What happened with the rate hike today?
This is the main takeaway from the fed rate hike and statement:
“The Federal Reserve raised interest rates by a quarter of a percentage point, bringing the benchmark funds rate to 5% to 5.25%. In its post-meeting statement, the central bank appeared to soften its language on future rate increases, removing a line on “additional policy firming.” In his press conference, however, Chair Jerome Powell noted that the policy-setting committee thinks it will take time for inflation to come down and it would not be appropriate to cut rates.” - CNBC
The market rallied a bit because the fed removed “additional policy firming” and indicated they would take a more data-dependent approach to whether or not more rate hikes were necessary.
But then, during the press meeting Q&A, Powell indicated he thinks inflation is here to stay and a rate cut wouldn’t be appropriate unless inflation comes down or the economy slows substantially. Here’s the quote:
“It will take some time, and in that world, if that forecast is broadly right, it would not be appropriate to cut rates and we won’t cut rates”
Here’s a link to the replay and a summary of Jerome Powell’s comments from CNBC (link).
The Dow, S&P 500, and Nasdaq all ended in the red, and SQQQ ended up 2% today.
So as of now I’m not changing anything in the portfolio.

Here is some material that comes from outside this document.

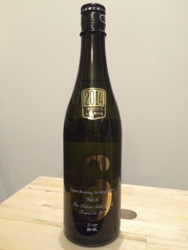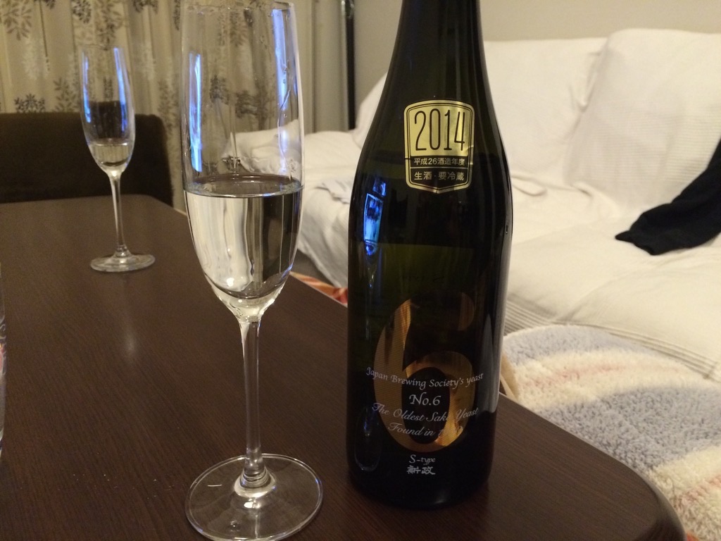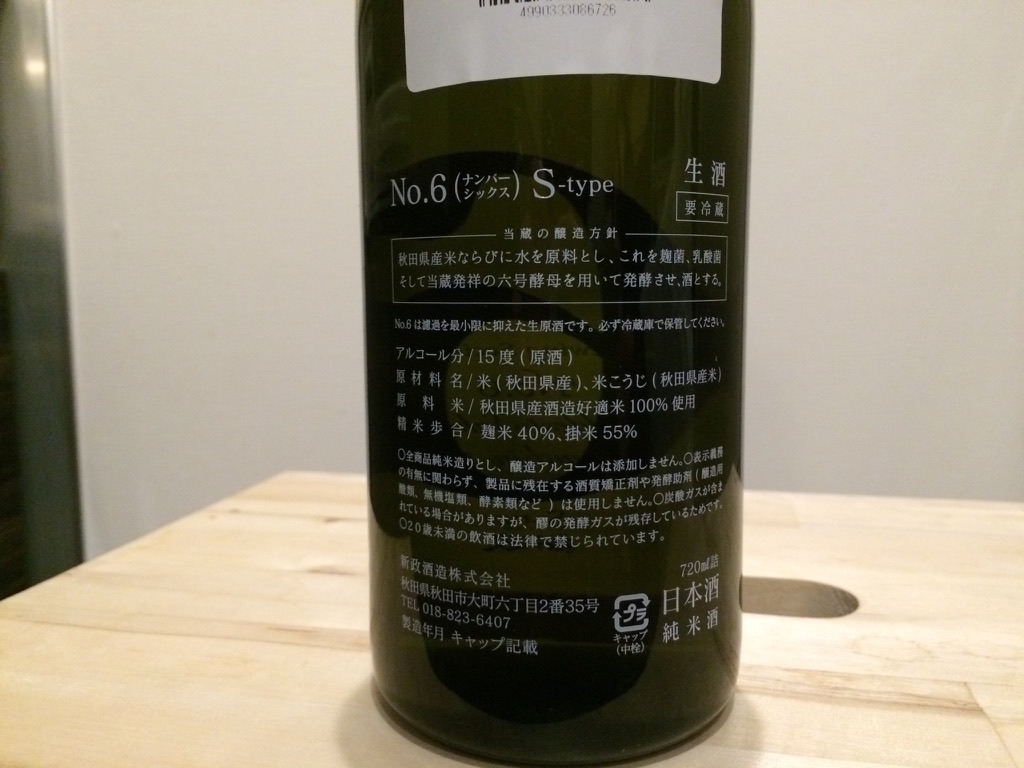 2015-01-31 日本酒 新政 No.6 S-type 純米吟醸 無濾過生原酒 新政酒造 微発泡でシャンパングラスが合います。 香りは強くなく、甘酸です。 生原酒なのにアルコール数が15%と低く、とても飲みやすいです。 二日目 炭酸が抜けて昨日よりまろやかに 精米歩合:40%(麹米)、55%(掛米) 酵母:協会6号 アルコール数:15%

I think there’s a chance the market sells off for the rest of the week but Apple reports earnings tomorrow after the market closes so who knows what’s going to happen.
Qualcomm just reported earnings, the stock is down about 3% after hours because of this statement:
"macroeconomic headwinds, weaker global handset units, and channel inventory drawdown." Additionally, Qualcomm (QCOM) said it expects to see "a larger-than-normal" sequential decline in revenue for its QCT division
Qualcomm’s QCT division includes most of the company's mobile-phone chipsets and other mobile device products. I lean towards thinking this is bearish for Apple, but who knows.
Apparently, PacWest Bank is down 40% after market close because it announced it is weighing a sale (link). Other regional banks are down as well.
I really, really hate to say this, but I wouldn’t be surprised to see a major pullback in the market this week if this spreads panic.
Stuff like this is why I just can’t fathom why the market is trading at such high multiples. It just feels complacent and like the market thinks the Fed lowering rates will miraculously save the market.
I agree that the market will eventually rally after the Fed lowers rates, but I think the market needs to go lower between now and the Fed starting to lower rates before that happens.